I recently converted my trained model (it's Tiny YOLO v2 via Darkflow transformation, has only one class to detect) to NCS graph, and modified @Tome_at_Intel 's example code to run the test using my webcam.
Before doing this, I have tried the sample of live-object-detector with ncapi2_shim (I'm using NCSDK2). The result was fine. The script was processing the test video at the speed of about 80 ms per frame.
But when I applied my own Tiny YOLO v2, the processing time jump to about 1200 ms per frame.
The processing/inference time was obtained by using the following code (it's copied and slightly modified from the code of live-object-detector):
inference_time = graph.get_option(mvnc.GraphOption.RO_TIME_TAKEN)
To confirm the result, I went back to follow @Tome_at_Intel 's comment in which he provided step-by-step instruction of how to generate the frozen model (and it's actually what I've done with my own trained model, of course with different cfg and weight files…) for
The compile command I used was:
mvNCCompile -in input -on output built_graph/tiny-yolo-v2.pb
I used the converted NCS graph (with 20 classes to detect) with the dog.jpg as the input, and the inference time was still about 1200 ms. The output I got is listed as the following:
Found objects in 1207.973388671875 ms. dog 97.35302828411412 222.60164861726685 343.3950671757223 531.8106313107114 car 444.2567046299852 90.19346571245428 685.6577025125912 185.98194001005976 bicycle 139.43421012548873 144.2388337194188 599.3307892196749 434.39073473429 car 452.1365970362832 71.05730864847379 545.5606719185531 152.82092145965296
I always expect Tiny YOLO should be faster than SSD, but the results show that it's not. It is not only slower, but far far slower than the inference time shown in the live-object-detector sample case.
Did I do something stupid in the test or miss anything which is essential to apply Darkflow's Tiny YOLO v2 to NCS? Or there's something with NCS hardware/software in which we users cannot do anything?
Any suggestion or information will be helpful. Thanks.
@hiankun I noticed that you did not compile your graph file with the
-s 12 option. Please use this option as it gives the NCS device the option of using all 12 SHAVE vector processors on the Myriad 2. So for example, use this command to recompile your code:
mvNCCompile -in input -on output built_graph/tiny-yolo-v2.pb -s 12. This should speed up your inference speeds.
I re-compiled the graph with the
-s 12 option, and then the inference time dropped from about 1200 ms to 170 ms.
It's still slower than SSD with NCS, and this confused me. After quick searching, I found a QA post on Quora: Why is SSD faster than YOLO?.
If the above link gives wrong information, please correct me.
No matter whether YOLO should be faster or slower than SSD, my original problem has been solved.
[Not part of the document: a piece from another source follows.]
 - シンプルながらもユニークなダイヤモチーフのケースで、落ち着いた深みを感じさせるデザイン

The 170 ms inference time is sufficient for my own application.
I need to understand why SSD is always the fastest one, and i wonder if retrain the 20 classes model with just one will that make it faster?
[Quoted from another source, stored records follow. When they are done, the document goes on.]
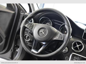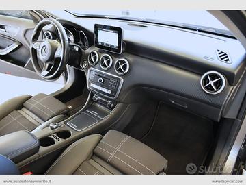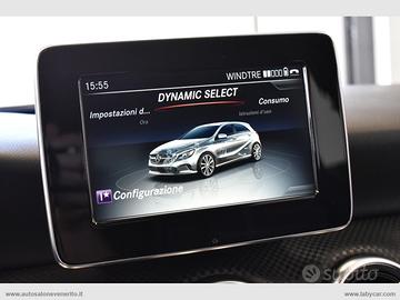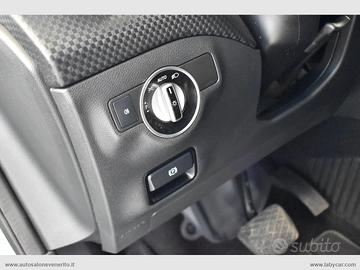 Abs, Airbag, Airbag passeggero e laterali, Airbag per la testa e le ginocchia, Chiusura centralizzata, Immobilizzatore elettronico, Keyless Start, Regolazione e chiusura specchietti retrovisori elettrica, 4 alzacristalli elettrici comfort, Computer di bordo, Accensione fari automatica, Sensore pioggia, Volante a 3 razze regolabile in altezza e profondità, Trip control, Comandi vocali, Navigatore cartografico, Autoradio digitale con comandi al volante, Lettore cd mp3, Interfaccia Bluetooth-USB-AUX, Climatizzatore, Bracciolo centrale in pelle scorrevole porta oggetti, Interni in pelle parziale nera con cuciture bianche, Inserti plancia effetto carbonio, Sedili anteriori regolabili in altezza, Supporto lombare elettrico, Battitacco cromato con logo Mercedes Benz, Sedili posteriori sdoppiati, Start-Stop automatico, Dynamic Select, Cambio automatico con paddle al volante, Freno di stazionamento elettrico, Fari Full LED, Fari posteriori a LED, Profilo paraurti anteriore e posteriore cromato, Griglia anteriore a nido d'ape, Sensori di parcheggio anteriori e posteriori, Cerchi in lega 17.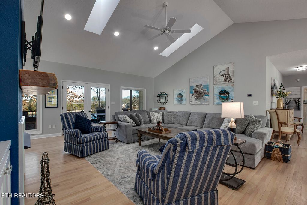 spectacular views of the lake from the great room with vaulted ceilings, ventless gas fireplace,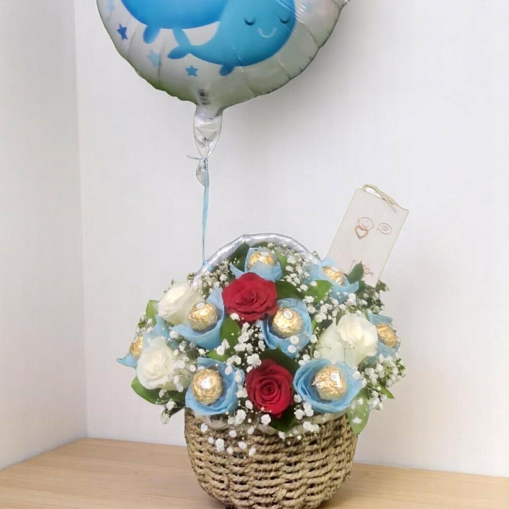 Ferrero rocher - 10 pcs White rose - 7 pcs reed rose - 5 pcs birthday balloon - 1 pcs

i get the 80ms inference time but i keep wondering if that iterating through classes that i dont need each frame might take some time but noone confirms :( how did you build your own model with just one class?
Sorry for the too late reply.
I'm not very clear about your question, but I will try to give you some info about my tested case and hope that might give you some idea.
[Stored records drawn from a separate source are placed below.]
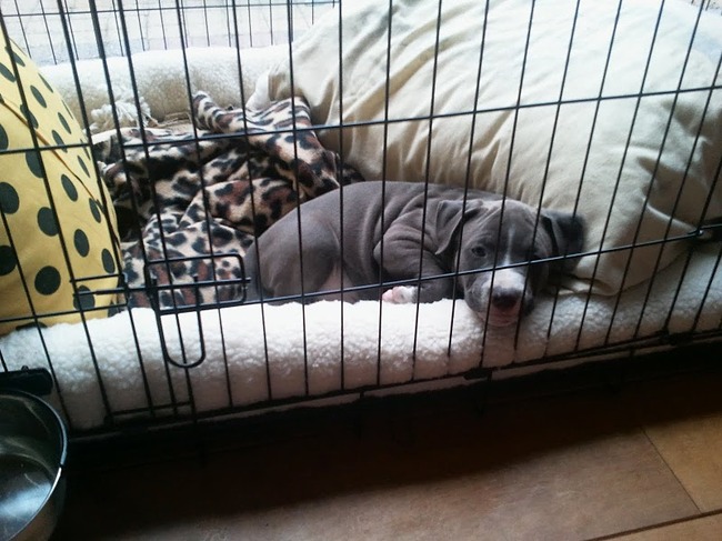 Wij hebben sinds eerdergisteren een Amerikaanse Stafford van 7 weken jong.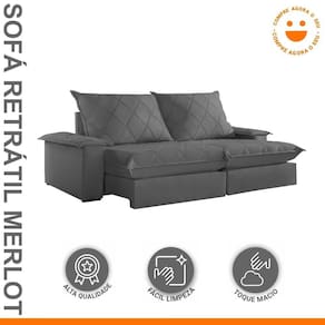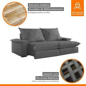 Sofá Retrátil e Reclinável com Catraca Blindada 280cm Merlot Veludo Jolie/Grafite - Cinza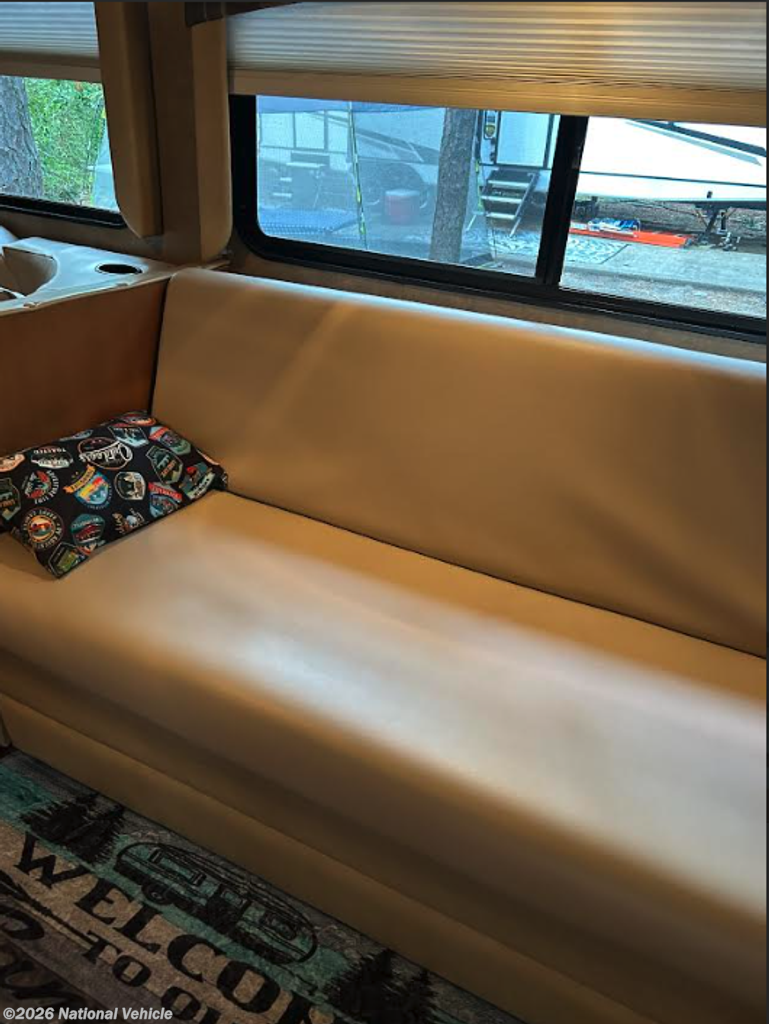 Inside, the Freelander 31DS features a well-thought-out double slide floorplan that creates an open, residential-style layout. The front living area offers a large U-shaped dinette and a sofa sleeper, both perfect for dining, relaxing, or accommodating extra guests. Overhead, a cab-over bunk provides additional sleeping space, making this coach capable of sleeping up to 8. The kitchen is fully equipped with a three-burner range, oven, microwave, refrigerator, and ample cabinetry for extended stays on the road.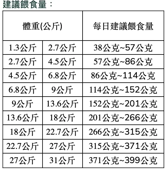 粗蛋白質不低於27、粗脂肪不低於15%、粗纖維不高於5%、水分不高於9%、維他命E不低於225 IU/kg、牛磺酸不低於0.15%、Omega-3 不低於0.8%、Omega-6不低於3%、芽孢乳酸菌不低於500,000,000 CFU/454g

Due to some installation problems of Caffe in my system, I have not trained my data (which has only one class to detect) with SSD yet.
What I have done was to train it with Tiny YOLO v2 (Darkflow version). The necessary info to train customized dataset can be found here:
Training on your own dataset.
I myself have not played with the training process for a while and have forgotten many details, but I'm trying to pick it up recently. If you have further problems on the training process, PM me please and maybe we could have some discussions.